That increased computing power could help physicists discover even more new particles, according to CERN theoretical physicist Sophie Renner. 

“If these exist, they can answer some of the questions that are so far puzzling us,” she said earlier this year in a video interview

“For example, a big one is: What is the dark matter that seems to be holding galaxies together? If this is a type of particle, then it could be closely related to some long-lived particles that we might be able to see at the LHC.”

Data Deluge

The LHC, which officially began its third run in July 2022, will search for “long-lived particles” using instruments that have been fine-tuned to create more precise calculations.

But scientists still need to be able to ingest and manage those calculations, according to Mélissa Gaillard, communications officer for CERN’s IT department, who said the team at CERN used the LHC’s three-year hiatus to “get ready to store and analyze more than 600 petabytes of data … equivalent to over 20,000 years of 24/7 HD video recording.” That’s more data than the LHC produced in its two previous runs combined.

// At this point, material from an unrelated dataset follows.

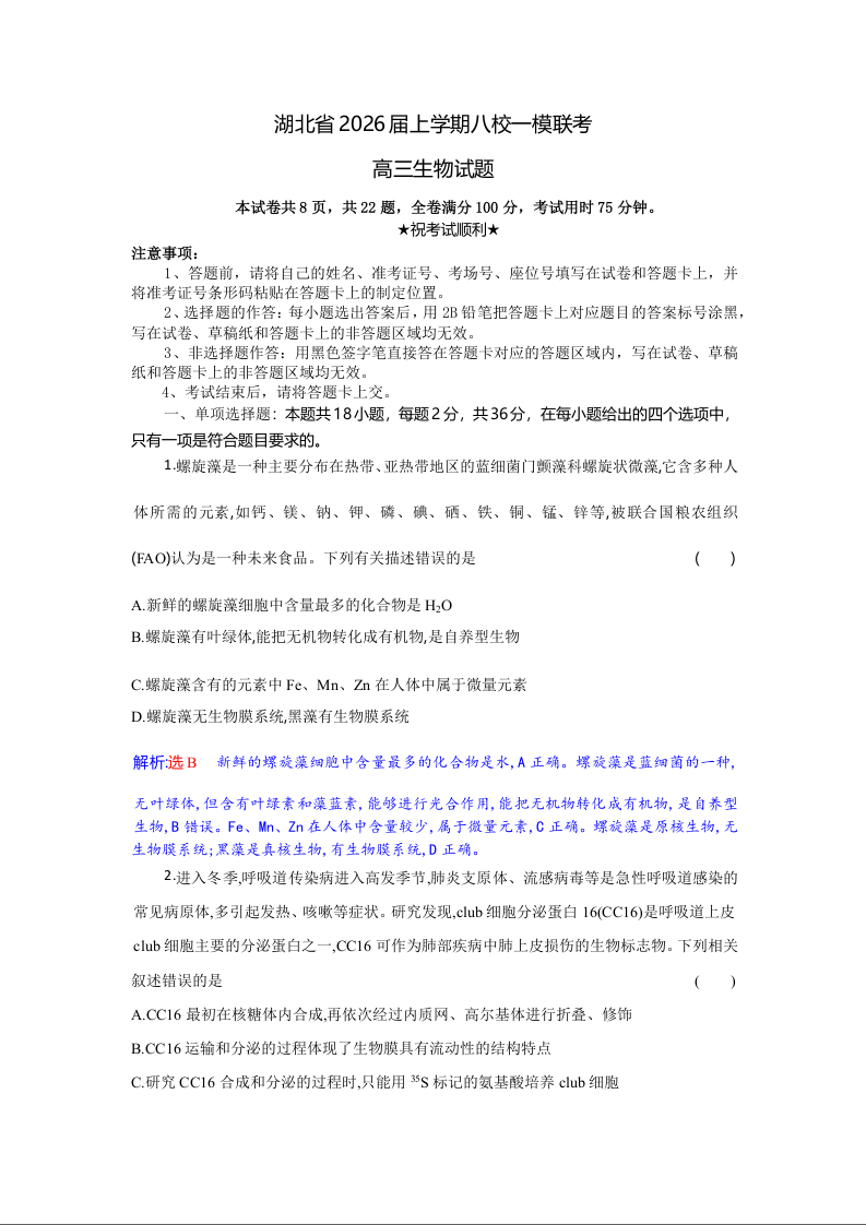 高三生物(精品解析版)--湖北省八校2026届高三上学期一模考试

CERN uses the cloud to turn this massive data store into meaningful insights: After it collects data, Gaillard explained, it sends it to the CERN Data Center for initial reconstruction and backup. Next, data goes to the Worldwide LHC Computing Grid, a cloud-based network encompassing hundreds of thousands of computers in 170 data centers in 42 countries. From there, more than 12,000 physicists around the world can access the data in real time to complete experiments and models.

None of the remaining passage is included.